The majority of base oils in the lubricant industry had been and is still Group I oils. Therefore, additive technology has been focused on improvement of Group I oils. Demands of quality lubricants from users are promoting the shift of base fluids to Group II or III from Group I. Then the problem with the solubility of additives in these base fluids arose. The same problem happens with Group IV. Although Groups I−IV are composed of hydrocarbons, Group I oils contain a considerable amount of cycloalkanes (naphthenic) and aromatics that are responsible for good solvency. Solvency-improving fluids are usually blended in these poor solvents (Group II–IV oils).
Solvency could be understood by the affinity of a solute to the solvent. If a compound does not dissolve in the base oil, formulation of a liquid lubricant is impossible. On the other hand, high solubility of a solute in the solvent is not desirable. A proper solubility, especially for tribo-improvers, is required in formulating a lubricant. Figure 23 depicts a model of solubility−adsorptivity relation on lubrication performance, in consideration with an adsorption isotherm. From the working mechanism of tribo-improvers (Figure 5, Figure 6 and Figure 7), it is possible to ascertain that they start by adsorption on rubbing surfaces. Assume that there is a threshold of surface coverage at C by which adsorption enables the tribo-improver to work. When additive-A and additive-B were compared at the same concentration of XA, the former displays expected performances while the later displays none, due to insufficient amount of molecules on the surface. A higher concentration of XB is needed for additive-B to perform. However, using an additive at high concentration rises the risk of disadvantages by the interaction with other additives. Therefore, additives should have proper solvency to the base fluids. The solubility in the base fluid is the second key factor in choosing additives after the primary lubrication function.
Esters and polyethers belong to Group V oils and are receiving growing demands as fast biodegradable fluids [96]. Contrary to Groups I−IV oils, they contain oxygen atoms in their molecule. Here we discuss the difference between hydrocarbon and oxygen-containing molecules (esters and polyethers) in terms of polarity. Polarity is a result of unequaled sharing of the bonding electron pair, due to the differences in electron negativity of the atoms that form the covalent bond. The electron negativity of hydrogen, carbon, and oxygen are 2.2, 2.5, and 3.5, respectively. Hydrocarbons are being constructed with the combination of a carbon–carbon bond and carbon–hydrogen bonds. Since the differences in the electron negativity of the atoms of these bonds are low (0 for C–C bond, 0.3 for C–H bond), hydrocarbons display “non-polar” properties. On the other hand, esters and polyethers have carbon–oxygen bonds (the difference in the electron negativity is 1.0), together with C–C and C–H bonds.
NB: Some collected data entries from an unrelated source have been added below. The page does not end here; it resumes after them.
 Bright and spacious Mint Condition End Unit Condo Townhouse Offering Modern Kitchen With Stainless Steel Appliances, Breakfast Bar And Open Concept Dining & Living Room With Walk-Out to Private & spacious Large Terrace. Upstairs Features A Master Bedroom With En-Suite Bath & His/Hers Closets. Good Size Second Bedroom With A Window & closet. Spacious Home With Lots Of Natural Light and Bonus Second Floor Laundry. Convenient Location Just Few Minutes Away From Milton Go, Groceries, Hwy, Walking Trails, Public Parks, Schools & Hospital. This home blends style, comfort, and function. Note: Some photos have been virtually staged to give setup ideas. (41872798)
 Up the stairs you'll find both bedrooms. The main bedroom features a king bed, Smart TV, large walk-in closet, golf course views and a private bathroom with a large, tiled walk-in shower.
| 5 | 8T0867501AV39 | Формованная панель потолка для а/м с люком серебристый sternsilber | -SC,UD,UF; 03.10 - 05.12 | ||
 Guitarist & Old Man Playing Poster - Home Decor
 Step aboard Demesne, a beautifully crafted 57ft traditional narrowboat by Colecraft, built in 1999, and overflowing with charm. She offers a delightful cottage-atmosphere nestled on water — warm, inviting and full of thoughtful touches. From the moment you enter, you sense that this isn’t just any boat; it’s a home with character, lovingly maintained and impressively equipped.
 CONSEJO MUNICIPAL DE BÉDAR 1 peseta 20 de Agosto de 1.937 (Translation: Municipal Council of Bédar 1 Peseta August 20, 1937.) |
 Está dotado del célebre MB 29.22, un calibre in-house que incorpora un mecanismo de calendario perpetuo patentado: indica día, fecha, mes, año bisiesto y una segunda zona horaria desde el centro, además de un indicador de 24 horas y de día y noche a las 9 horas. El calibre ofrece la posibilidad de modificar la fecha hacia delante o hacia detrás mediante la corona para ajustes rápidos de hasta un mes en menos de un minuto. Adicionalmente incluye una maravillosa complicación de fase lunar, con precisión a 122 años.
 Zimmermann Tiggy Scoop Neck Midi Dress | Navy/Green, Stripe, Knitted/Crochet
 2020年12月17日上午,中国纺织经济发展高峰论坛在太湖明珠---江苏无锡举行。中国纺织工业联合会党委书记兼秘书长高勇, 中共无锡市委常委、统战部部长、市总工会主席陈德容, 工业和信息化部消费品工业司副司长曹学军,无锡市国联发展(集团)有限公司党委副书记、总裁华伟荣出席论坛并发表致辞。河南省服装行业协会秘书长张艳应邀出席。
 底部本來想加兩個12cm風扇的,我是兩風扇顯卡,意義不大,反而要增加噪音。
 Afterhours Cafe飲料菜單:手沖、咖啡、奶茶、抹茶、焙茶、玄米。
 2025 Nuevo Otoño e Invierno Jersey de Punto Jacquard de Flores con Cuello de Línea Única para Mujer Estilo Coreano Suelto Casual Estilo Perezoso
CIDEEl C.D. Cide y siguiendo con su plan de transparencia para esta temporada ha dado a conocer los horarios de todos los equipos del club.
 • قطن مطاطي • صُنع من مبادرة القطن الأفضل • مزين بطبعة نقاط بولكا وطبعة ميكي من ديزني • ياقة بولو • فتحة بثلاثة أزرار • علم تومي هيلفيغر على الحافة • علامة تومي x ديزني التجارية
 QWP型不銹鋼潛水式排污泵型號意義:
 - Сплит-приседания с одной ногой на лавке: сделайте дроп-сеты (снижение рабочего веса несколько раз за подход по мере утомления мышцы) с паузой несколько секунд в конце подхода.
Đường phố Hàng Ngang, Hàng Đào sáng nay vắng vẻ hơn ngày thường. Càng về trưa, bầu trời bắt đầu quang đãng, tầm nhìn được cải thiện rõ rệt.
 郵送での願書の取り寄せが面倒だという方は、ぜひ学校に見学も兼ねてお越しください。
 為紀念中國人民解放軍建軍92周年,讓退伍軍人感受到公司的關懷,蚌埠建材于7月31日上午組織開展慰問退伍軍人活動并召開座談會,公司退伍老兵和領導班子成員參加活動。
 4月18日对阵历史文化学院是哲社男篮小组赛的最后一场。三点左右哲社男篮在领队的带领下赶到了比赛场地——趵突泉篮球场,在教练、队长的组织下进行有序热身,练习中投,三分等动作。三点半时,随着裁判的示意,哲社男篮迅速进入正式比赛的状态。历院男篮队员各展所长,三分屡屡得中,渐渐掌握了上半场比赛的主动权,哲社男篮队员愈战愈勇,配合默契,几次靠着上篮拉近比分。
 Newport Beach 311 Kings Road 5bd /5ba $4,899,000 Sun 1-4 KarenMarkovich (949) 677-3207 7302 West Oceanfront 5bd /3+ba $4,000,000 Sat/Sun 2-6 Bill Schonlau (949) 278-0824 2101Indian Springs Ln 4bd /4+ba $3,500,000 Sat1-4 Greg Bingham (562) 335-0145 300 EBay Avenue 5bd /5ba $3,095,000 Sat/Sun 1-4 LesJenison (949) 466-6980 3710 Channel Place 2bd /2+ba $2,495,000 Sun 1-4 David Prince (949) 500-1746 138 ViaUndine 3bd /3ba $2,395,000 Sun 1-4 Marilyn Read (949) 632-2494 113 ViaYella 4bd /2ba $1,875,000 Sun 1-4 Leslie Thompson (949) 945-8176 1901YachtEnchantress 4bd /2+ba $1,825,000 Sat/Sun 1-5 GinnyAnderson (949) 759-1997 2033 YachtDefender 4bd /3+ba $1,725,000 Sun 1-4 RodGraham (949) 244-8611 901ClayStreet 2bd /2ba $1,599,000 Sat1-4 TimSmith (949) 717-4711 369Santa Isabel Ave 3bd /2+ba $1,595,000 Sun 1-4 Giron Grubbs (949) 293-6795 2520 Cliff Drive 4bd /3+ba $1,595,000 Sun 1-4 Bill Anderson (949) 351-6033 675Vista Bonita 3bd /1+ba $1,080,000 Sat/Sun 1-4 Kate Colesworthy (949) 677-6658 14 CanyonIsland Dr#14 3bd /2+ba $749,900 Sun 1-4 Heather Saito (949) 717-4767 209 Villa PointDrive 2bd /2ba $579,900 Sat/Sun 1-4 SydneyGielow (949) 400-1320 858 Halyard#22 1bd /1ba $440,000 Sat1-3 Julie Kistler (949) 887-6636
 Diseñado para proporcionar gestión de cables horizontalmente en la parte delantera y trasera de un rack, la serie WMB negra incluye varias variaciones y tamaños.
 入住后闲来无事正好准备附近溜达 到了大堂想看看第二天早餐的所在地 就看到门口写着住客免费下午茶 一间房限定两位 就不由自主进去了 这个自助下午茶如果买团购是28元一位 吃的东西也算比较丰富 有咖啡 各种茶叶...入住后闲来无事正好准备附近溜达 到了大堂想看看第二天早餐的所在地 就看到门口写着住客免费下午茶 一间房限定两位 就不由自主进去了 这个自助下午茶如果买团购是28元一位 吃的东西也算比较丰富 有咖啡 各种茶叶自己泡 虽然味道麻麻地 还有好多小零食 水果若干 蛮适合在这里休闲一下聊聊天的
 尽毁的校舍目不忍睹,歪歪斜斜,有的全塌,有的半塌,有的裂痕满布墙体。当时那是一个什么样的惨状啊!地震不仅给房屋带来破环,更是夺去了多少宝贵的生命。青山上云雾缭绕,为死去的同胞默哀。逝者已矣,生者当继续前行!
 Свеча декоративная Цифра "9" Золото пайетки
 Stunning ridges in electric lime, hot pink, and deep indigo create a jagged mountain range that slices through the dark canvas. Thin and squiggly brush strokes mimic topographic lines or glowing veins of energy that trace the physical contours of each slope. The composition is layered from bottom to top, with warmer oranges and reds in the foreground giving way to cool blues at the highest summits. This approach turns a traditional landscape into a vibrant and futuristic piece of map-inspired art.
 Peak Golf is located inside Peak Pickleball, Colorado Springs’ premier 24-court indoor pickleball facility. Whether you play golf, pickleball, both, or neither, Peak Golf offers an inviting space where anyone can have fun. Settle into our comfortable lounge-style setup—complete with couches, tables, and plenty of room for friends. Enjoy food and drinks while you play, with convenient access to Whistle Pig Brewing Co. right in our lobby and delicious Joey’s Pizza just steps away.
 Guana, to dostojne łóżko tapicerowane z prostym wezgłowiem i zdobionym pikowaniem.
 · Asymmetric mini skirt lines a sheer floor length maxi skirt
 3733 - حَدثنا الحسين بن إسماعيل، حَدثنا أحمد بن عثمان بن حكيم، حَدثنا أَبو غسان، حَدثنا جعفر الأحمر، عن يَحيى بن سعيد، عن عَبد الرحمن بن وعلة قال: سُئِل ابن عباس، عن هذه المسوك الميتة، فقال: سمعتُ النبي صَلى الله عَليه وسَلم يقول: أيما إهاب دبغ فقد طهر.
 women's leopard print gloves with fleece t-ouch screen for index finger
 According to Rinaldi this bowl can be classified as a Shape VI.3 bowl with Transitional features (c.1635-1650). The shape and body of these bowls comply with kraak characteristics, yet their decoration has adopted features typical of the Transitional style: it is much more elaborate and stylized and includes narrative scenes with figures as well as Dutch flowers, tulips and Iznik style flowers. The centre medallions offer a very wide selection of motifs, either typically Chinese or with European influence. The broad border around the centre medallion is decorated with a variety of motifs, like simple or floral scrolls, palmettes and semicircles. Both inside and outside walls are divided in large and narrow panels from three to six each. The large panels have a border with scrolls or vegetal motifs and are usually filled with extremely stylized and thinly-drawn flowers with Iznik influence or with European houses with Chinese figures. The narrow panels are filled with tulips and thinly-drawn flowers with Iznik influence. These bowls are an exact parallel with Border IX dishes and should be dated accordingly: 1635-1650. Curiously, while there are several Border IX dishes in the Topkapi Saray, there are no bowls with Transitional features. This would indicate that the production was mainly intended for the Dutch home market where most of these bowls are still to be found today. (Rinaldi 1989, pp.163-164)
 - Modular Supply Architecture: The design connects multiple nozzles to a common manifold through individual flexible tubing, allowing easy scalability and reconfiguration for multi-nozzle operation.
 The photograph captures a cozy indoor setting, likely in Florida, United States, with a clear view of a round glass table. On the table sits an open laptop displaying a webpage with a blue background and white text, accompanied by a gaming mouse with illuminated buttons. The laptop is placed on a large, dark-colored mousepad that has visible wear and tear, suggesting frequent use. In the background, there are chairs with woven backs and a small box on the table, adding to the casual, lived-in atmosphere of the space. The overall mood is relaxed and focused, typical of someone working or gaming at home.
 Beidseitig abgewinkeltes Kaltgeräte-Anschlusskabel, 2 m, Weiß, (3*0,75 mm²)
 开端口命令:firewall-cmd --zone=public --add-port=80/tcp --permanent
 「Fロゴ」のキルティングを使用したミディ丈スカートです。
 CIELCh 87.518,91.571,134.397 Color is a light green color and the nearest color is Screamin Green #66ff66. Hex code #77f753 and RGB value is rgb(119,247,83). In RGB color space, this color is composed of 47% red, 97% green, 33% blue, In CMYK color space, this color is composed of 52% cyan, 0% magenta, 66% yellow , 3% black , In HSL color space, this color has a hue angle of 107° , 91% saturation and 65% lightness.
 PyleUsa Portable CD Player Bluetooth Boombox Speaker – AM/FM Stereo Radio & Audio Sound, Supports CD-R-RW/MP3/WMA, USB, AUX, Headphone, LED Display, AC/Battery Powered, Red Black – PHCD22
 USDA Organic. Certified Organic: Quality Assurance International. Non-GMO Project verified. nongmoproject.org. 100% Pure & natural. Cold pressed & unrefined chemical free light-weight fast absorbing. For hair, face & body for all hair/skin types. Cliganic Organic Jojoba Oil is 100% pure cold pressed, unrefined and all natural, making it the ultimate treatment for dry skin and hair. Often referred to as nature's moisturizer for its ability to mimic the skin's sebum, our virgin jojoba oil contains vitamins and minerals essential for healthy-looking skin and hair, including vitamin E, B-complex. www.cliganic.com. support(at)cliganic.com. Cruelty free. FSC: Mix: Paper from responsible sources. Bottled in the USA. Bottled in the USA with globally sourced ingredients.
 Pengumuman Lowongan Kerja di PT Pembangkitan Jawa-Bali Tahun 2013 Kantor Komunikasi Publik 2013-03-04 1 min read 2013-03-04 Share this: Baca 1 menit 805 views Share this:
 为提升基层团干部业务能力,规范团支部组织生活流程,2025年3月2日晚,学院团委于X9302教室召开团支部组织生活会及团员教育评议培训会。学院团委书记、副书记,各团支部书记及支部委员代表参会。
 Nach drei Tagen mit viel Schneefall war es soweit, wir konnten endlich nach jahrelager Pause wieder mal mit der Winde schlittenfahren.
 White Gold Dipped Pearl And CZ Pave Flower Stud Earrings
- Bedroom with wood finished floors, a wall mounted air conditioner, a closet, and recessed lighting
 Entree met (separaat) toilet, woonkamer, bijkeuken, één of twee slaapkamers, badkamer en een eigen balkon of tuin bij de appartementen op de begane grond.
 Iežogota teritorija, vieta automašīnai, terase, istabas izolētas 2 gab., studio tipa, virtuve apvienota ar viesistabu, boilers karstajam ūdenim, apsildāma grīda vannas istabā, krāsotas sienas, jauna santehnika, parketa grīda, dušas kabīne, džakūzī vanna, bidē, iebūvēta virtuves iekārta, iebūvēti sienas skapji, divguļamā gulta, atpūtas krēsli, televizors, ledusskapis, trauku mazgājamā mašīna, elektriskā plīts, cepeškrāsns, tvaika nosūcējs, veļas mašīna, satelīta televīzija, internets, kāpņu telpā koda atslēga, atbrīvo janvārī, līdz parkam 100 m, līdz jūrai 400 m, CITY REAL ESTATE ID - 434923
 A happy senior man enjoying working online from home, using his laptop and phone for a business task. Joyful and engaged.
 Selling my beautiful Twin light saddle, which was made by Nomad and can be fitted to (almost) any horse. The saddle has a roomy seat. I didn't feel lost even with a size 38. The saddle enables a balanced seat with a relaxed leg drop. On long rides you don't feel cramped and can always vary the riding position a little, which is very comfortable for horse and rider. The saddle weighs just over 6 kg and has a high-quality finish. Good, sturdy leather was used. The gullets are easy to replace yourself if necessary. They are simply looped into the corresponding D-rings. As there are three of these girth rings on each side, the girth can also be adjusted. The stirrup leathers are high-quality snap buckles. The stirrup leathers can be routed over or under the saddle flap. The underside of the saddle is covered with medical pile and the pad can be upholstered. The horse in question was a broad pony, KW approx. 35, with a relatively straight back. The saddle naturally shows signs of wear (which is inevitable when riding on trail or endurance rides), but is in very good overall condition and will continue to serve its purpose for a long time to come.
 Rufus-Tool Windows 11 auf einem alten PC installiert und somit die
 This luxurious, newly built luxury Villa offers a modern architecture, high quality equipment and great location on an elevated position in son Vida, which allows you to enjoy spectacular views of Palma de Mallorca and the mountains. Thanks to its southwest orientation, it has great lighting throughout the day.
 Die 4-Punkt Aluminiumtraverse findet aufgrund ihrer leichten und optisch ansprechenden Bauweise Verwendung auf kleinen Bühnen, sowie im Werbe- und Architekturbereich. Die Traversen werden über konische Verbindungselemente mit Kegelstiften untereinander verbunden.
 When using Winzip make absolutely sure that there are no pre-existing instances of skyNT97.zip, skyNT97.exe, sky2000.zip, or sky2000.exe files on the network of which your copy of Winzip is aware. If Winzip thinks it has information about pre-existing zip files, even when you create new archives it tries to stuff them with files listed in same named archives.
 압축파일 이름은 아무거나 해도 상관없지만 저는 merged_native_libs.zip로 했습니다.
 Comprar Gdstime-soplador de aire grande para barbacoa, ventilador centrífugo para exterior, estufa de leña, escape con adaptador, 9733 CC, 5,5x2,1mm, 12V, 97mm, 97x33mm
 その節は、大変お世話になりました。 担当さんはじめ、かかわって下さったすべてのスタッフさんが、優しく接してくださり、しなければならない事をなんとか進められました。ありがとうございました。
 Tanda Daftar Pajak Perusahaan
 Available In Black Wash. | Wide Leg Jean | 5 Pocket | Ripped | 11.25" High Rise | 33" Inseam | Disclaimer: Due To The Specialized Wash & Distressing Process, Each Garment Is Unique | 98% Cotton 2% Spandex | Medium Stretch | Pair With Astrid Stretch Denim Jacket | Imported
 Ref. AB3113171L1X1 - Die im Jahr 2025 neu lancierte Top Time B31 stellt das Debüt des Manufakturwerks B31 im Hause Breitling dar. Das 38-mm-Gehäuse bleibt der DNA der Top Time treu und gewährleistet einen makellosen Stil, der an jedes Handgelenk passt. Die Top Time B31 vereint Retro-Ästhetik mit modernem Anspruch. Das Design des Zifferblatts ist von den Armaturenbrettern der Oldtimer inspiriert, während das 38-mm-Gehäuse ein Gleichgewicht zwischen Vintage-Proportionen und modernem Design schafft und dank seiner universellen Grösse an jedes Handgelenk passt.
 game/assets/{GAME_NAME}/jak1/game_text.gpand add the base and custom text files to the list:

Some substances involve hydrogen–oxygen bond(s) in which the difference in the electron negativity is 1.3. These oxygen involving bonds make the molecule polar. Furthermore, the chemical structure should be considered for the polarity of the molecule, which is omitted here for simplicity.
Generally, polar liquids are good solvents and hence esters and polyethers can dissolve common additives for Groups I oils up to high concentrations. This is an analogous problem to that of additive-B in Figure 23. By and large, polar molecules display an affinity to steel surfaces. This induces adsorption of polar fluids on tribo-surfaces. Here, competitive adsorption of a base fluid against a tribo-improver occurs. When the base fluid molecules adsorb on the surface and block the surface from being interacted with the additive, additive effects will not result.
It was anticipated that increased polarity in an additive molecule can enhance the adsorption activity from solution in a polar solvent. Examples have enhanced polarity by chemical modification of phosphates such as AW for polar synthetic fluids, as shown in Figure 24 [97]. This prevented wear at reasonable concentrations, while conventional AW needs a much higher concentration to work in polyether. Conventional AWs usually work in hydrocarbon oils at a concentration of 10 mmol·kg−1 (310 ppm of phosphorus content) or below.
The relation between chemical structure and physical properties for synthetic esters has been reviewed in [98]. Non-polarity index was introduced therein as an engineering parameter. The performance of model AW for polar synthetic fluids were evaluated and analyzed regarding polarity index as minor revision of non-polarity index. As shown in Figure 25, performance of the anti-wear properties decreases as the polarity of the base fluid increases [99].

4.5. Tribo-Improvers for Non-Ferrous Materials

Most tribo-improvers are developed for lubrication of steels. When it comes to other materials, affinity of each additive to the material is different from that of steel. Therefore, the kinetics in the adsorption step (Figure 6) would be influenced. The processes of tribo-chemical reaction and the property of the tribo-film could be different from those with steel. Various materials including coatings are being developed for tribological purposes. Molecular structure of tribo-improvers should be tuned for the materials.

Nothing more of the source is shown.